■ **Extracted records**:
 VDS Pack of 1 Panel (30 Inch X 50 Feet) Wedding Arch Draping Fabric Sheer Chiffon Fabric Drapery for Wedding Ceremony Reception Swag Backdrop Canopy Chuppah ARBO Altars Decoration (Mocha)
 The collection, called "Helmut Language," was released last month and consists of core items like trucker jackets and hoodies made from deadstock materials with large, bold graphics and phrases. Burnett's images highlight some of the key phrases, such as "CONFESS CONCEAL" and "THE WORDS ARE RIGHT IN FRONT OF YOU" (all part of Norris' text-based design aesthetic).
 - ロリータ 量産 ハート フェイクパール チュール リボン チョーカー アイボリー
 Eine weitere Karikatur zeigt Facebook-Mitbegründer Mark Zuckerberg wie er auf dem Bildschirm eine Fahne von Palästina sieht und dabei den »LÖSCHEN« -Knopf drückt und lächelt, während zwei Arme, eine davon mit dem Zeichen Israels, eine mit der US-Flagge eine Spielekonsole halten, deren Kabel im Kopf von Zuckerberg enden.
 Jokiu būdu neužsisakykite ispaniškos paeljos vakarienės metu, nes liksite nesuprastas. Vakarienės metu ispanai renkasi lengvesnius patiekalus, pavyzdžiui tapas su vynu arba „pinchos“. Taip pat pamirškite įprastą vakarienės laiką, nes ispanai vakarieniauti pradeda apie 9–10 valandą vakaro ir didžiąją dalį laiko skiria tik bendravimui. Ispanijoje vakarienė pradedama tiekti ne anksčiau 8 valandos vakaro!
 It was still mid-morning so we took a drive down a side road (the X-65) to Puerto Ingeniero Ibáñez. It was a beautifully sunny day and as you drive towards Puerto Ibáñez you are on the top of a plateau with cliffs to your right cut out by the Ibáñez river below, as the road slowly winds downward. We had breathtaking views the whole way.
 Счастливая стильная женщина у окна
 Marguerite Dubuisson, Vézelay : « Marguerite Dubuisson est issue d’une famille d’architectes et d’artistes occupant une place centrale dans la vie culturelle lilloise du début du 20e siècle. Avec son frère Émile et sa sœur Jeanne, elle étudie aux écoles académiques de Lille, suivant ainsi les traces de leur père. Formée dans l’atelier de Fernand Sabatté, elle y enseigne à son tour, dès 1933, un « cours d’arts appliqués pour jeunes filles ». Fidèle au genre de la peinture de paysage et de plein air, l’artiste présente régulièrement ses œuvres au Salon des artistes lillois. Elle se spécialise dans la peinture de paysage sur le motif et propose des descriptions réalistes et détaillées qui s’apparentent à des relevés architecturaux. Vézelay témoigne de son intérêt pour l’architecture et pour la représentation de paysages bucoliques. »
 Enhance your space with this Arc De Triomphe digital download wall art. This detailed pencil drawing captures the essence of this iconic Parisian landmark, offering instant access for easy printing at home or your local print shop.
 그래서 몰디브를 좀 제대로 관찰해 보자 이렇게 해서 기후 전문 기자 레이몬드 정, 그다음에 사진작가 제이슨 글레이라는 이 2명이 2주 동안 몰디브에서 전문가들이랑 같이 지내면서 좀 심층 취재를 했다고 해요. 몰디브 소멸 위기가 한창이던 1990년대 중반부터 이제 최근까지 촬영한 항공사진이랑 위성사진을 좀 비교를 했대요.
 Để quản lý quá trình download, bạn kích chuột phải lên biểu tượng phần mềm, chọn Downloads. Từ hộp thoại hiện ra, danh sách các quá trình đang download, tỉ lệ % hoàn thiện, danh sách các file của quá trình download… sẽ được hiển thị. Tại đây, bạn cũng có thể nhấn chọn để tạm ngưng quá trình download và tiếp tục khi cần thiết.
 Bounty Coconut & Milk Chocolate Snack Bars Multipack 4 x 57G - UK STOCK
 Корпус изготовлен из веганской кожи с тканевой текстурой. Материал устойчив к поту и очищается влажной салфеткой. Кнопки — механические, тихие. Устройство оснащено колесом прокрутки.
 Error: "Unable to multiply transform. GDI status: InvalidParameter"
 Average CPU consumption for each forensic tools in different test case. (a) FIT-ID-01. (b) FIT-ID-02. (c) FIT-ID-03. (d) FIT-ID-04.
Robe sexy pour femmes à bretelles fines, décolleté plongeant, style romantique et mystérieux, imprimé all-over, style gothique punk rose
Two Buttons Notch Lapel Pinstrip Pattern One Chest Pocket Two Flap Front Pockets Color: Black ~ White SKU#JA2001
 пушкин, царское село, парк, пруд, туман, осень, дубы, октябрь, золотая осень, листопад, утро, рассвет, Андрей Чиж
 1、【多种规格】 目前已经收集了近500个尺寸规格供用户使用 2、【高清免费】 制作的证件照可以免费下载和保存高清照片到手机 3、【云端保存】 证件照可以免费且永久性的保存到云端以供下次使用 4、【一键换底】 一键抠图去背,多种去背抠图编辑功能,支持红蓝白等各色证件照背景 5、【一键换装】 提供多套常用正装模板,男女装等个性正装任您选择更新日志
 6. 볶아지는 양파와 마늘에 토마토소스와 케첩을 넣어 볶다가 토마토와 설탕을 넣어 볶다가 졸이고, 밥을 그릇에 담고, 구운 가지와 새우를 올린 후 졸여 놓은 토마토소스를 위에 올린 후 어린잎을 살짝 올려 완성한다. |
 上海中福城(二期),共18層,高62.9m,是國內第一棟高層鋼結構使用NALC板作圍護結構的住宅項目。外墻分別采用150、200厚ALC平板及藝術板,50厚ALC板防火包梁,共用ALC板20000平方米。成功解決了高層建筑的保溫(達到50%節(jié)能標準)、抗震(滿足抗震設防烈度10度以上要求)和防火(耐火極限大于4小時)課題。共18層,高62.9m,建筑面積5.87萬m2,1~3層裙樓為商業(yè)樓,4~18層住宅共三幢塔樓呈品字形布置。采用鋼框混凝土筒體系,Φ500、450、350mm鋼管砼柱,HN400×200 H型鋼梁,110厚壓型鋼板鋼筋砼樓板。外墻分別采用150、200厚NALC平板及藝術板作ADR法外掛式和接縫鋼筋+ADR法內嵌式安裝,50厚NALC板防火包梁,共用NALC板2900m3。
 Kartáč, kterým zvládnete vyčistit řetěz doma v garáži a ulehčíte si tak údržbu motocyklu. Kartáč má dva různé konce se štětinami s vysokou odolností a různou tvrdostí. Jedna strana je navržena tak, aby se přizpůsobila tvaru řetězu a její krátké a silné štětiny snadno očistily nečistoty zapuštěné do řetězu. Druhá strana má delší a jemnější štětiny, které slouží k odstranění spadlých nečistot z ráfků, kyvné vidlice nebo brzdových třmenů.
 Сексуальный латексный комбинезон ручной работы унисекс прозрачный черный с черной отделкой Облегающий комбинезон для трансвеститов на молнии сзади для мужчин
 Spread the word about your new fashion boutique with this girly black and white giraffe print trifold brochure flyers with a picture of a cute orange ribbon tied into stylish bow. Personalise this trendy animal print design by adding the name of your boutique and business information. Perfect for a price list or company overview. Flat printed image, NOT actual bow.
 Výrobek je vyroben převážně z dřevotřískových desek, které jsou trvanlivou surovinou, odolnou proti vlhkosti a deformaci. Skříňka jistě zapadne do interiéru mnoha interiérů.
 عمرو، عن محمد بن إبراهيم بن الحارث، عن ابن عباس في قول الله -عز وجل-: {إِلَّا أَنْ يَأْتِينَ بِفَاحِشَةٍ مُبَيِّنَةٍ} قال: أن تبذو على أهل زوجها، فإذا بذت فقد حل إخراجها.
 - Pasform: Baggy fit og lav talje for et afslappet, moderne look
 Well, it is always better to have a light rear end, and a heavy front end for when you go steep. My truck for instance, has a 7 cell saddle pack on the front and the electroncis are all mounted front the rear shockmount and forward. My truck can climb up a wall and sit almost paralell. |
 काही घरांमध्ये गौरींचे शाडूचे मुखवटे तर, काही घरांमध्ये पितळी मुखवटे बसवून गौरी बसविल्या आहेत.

■ **BRIEF**: Exact duplication is required for the lines above, from the line that contains "6. 볶아지는 양파와" to the line that contains "上海中福城(二期),共18層", inclusive; omit all others.

■ **ANSWER TO THIS TASK**:
 6. 볶아지는 양파와 마늘에 토마토소스와 케첩을 넣어 볶다가 토마토와 설탕을 넣어 볶다가 졸이고, 밥을 그릇에 담고, 구운 가지와 새우를 올린 후 졸여 놓은 토마토소스를 위에 올린 후 어린잎을 살짝 올려 완성한다. |
 上海中福城(二期),共18層,高62.9m,是國內第一棟高層鋼結構使用NALC板作圍護結構的住宅項目。外墻分別采用150、200厚ALC平板及藝術板,50厚ALC板防火包梁,共用ALC板20000平方米。成功解決了高層建筑的保溫(達到50%節(jié)能標準)、抗震(滿足抗震設防烈度10度以上要求)和防火(耐火極限大于4小時)課題。共18層,高62.9m,建筑面積5.87萬m2,1~3層裙樓為商業(yè)樓,4~18層住宅共三幢塔樓呈品字形布置。采用鋼框混凝土筒體系,Φ500、450、350mm鋼管砼柱,HN400×200 H型鋼梁,110厚壓型鋼板鋼筋砼樓板。外墻分別采用150、200厚NALC平板及藝術板作ADR法外掛式和接縫鋼筋+ADR法內嵌式安裝,50厚NALC板防火包梁,共用NALC板2900m3。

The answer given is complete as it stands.